- [Prompt]: Transcribe exactly the lines from the one containing "Dochtergroep Mitchell, Molenkamp" through the end of the data, both included. Leave out pictures.

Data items
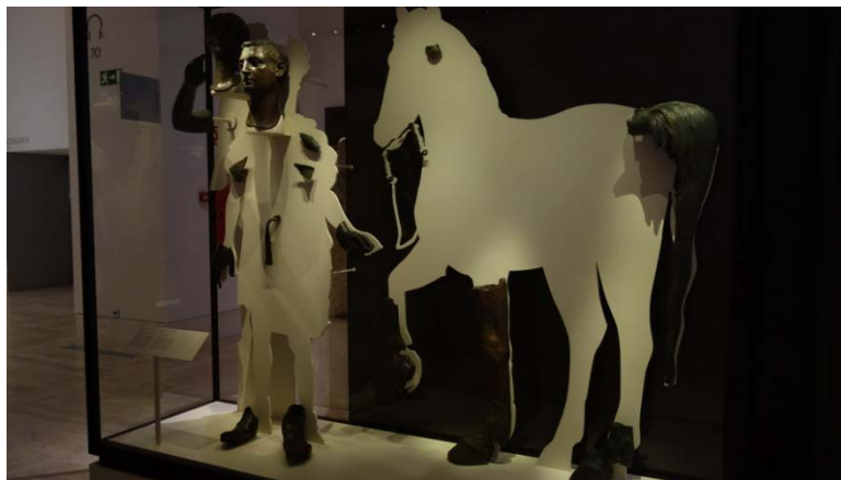
圖 12. 局部殘件的展示方式。
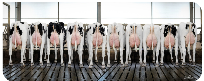
Dochtergroep Mitchell, Molenkamp Holsteins, Maasbommel
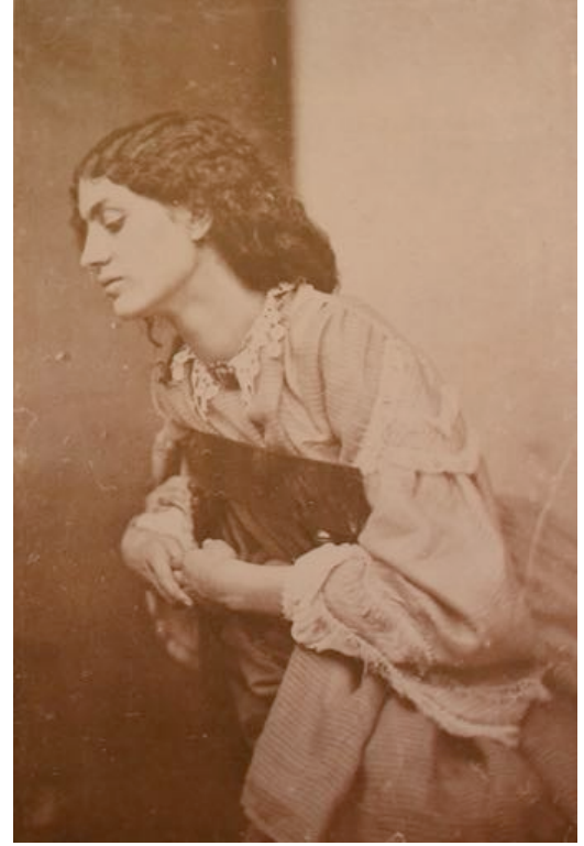
Anonyme, Jane Morris posant pour Rossetti, 1865, tirage sur papier albuminé
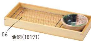
06 金網(18191) 使用イメージ
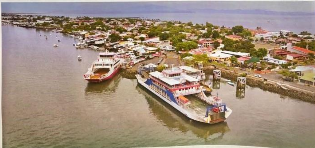
La provincia de Puntarenas es la primera en el país en promover la reactivación económica mediante una herramienta tecnológica como los códigos QR.
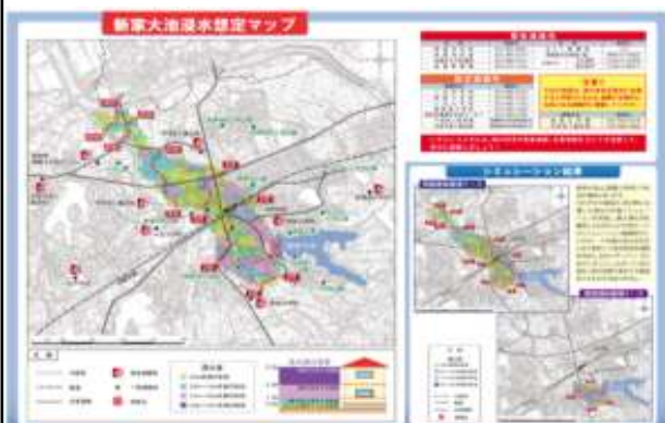
ハザードマップイメージ
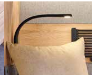
Lampes à col de cygne
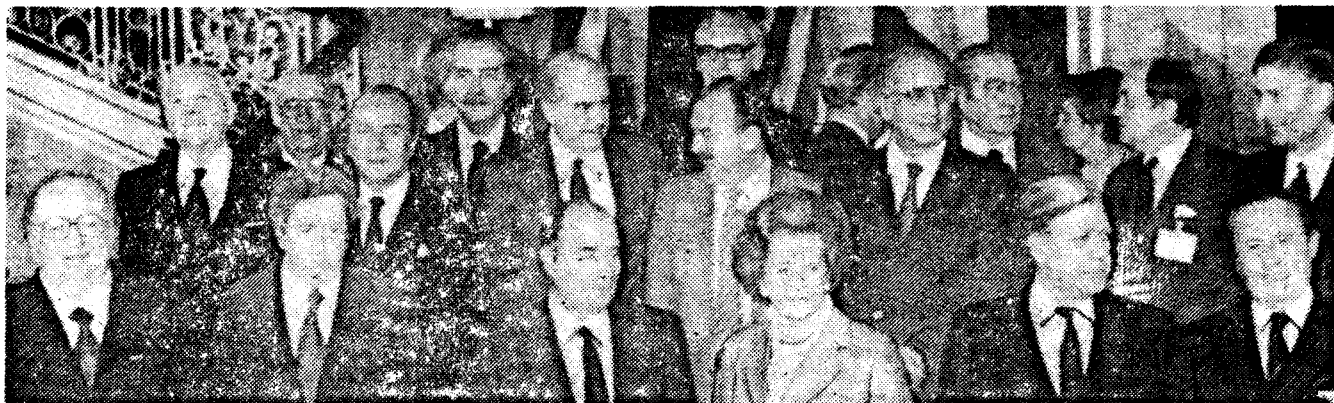
Le portrait d'une famille européenne quelque peu désunie. De gauche à droite, au pied des marches de Lancaster House, MM. Spadolini (Italie), FitzGerald (Irlande) et Mitterrand, Mme Thatcher (Grande-Bretagne), MM. Schmidt (R.F.A.) et Thorn (président de la Commission européenne).

Fidèles à leurs mauvaises habitudes, les chefs d'Etat ou de gouvernement des Dix ont terminé avec plusieurs heures de retard les travaux du Conseil européen. Bien qu'ils aient prolongé leurs discussions jusqu'à près de 19 heures (heure française), ils n'ont guère pu que masquer plus ou moins habilement l'échec de cette conférence de Londres sur une série de points clés. Il appartient désormais aux ministres
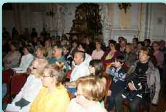
Публика на концерту
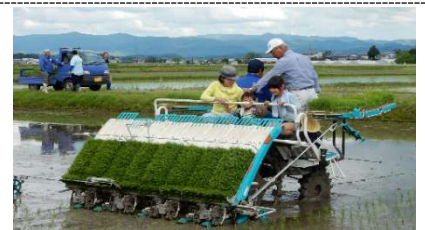
田植え・山菜摘みツアー
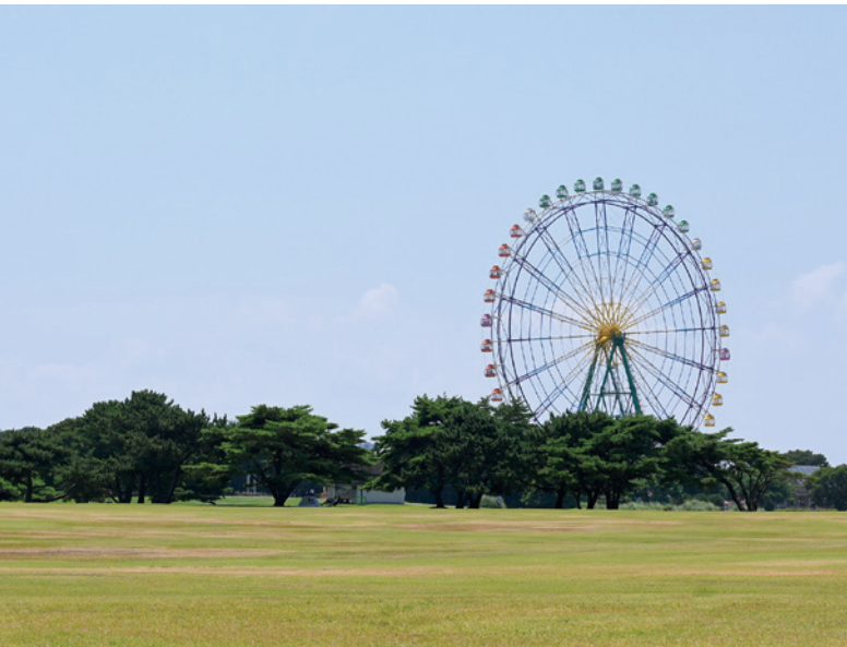
▲広々とした『大草原』で、最高の秘密基地ができそう！

- [Written response]:
Dochtergroep Mitchell, Molenkamp Holsteins, Maasbommel
Anonyme, Jane Morris posant pour Rossetti, 1865, tirage sur papier albuminé
06 金網(18191) 使用イメージ
La provincia de Puntarenas es la primera en el país en promover la reactivación económica mediante una herramienta tecnológica como los códigos QR.
ハザードマップイメージ
Lampes à col de cygne
Le portrait d'une famille européenne quelque peu désunie. De gauche à droite, au pied des marches de Lancaster House, MM. Spadolini (Italie), FitzGerald (Irlande) et Mitterrand, Mme Thatcher (Grande-Bretagne), MM. Schmidt (R.F.A.) et Thorn (président de la Commission européenne).

Fidèles à leurs mauvaises habitudes, les chefs d'Etat ou de gouvernement des Dix ont terminé avec plusieurs heures de retard les travaux du Conseil européen. Bien qu'ils aient prolongé leurs discussions jusqu'à près de 19 heures (heure française), ils n'ont guère pu que masquer plus ou moins habilement l'échec de cette conférence de Londres sur une série de points clés. Il appartient désormais aux ministres
Публика на концерту
田植え・山菜摘みツアー
▲広々とした『大草原』で、最高の秘密基地ができそう！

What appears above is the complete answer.